Karar Facebook’un bir milyara yakın kullanıcısının verilerini kullanma biçimiyle ilgiliydi. Hâlihazırda Facebook kullanıcılarının WhatsApp ve Instagram’daki verilerini de her tür cihaz ve ortam üzerinden takip ediyor. Bu üç uygulama üzerinden topladığı verileri de reklam modelinde kullanıyor. Teorik olarak bir kullanıcı üç platformdaki verilerinin kullanımına izin veriyor ama Almanya’nın antitröst kurumu Facebook’un kullanıcılarını izin vermeye zorladığına ve bunun bir sömürü pratiği olduğuna inanıyor. Verdiği kararda Facebook’un platformlar arası kullanıcı verisi takibini durdurmasını talep ediyor.
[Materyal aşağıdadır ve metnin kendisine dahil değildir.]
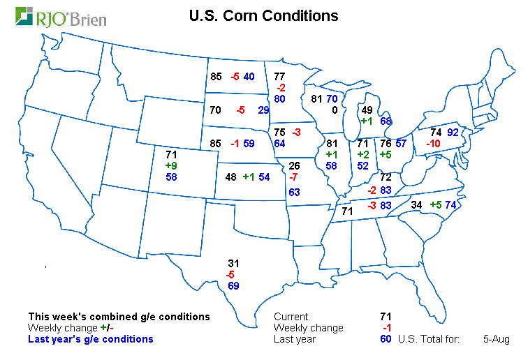 USDA nous donnera plus d’info sur le sujet vendredi, mais avec l’état des cultures qui sont nettement meilleure que l’an dernier (rendement record) plusieurs experts prévoient une très bonne récolte.

Aslında bu karar kişisel veri aktivistlerinin savunduklarına yakın bir talep. Aktivistlere göre birçok insan bedava kullanım karşılığında Facebook ve benzerlerine ne tür veri sunduklarını ve bu verilerin ne şekilde kullanıldığını anlayamıyor.
 
Verilen karar da bu duruma atıf yapıyor ve kullanıcının platform üzerindeki onayının bir kurgu olduğunu, gerçekten neye onay verdiğinin belli olmadığını iddia ediyor. Kararda kullanıcıların uğradığı zararın maddi olmadığı ama “kontrol kaybı” şeklinde olduğu belirtiliyor: Kullanıcılar kişisel verilerinin ne şekilde kullanılacağını kontrol edemez hâle geliyor. Facebook’un kendisi için yarattığı kişi profillerinin hangi platformdan alınan hangi veriyle inşa edildiği bilinemediğinden ortaya çıkan kişi hakkında profilin gelecekte ne gibi sonuçları olabileceği de kişinin tamamen kontrolü dışında kalıyor. Facebook itirazında bu kararla Snapchat, YouTube, ve Twitter gibi rakipleri karşısında zor durumda kalacağını belirtmiş. Alman kurumu ise Facebook’un oynadığı hayatî işlev ile platformların aynı düzeyde olmadığının altını çizmiş.
 
Facebook temyizi kaybederse en azından Almanya’da veri toplama biçimini değiştirmek zorunda kalacak. Ancak böyle bir durumun Almanya dışında da örnek olabileceği düşünülüyor. Belki de bu karar ile sosyal platformların kişisel veri kullanımında yeni bir dönem başlayabilir. Tabii hâlâ çok erken bunu düşünmek için ama kişisel veri meselesi son yıllarda o kadar hayatî hâle geldi ki sosyal platformların buna çözüm üretememesi, hattâ aksine iş modellerini kişisel veri kullanımına dayandırması eski düzen güçlerine yeni fırsatlar vermiş oldu.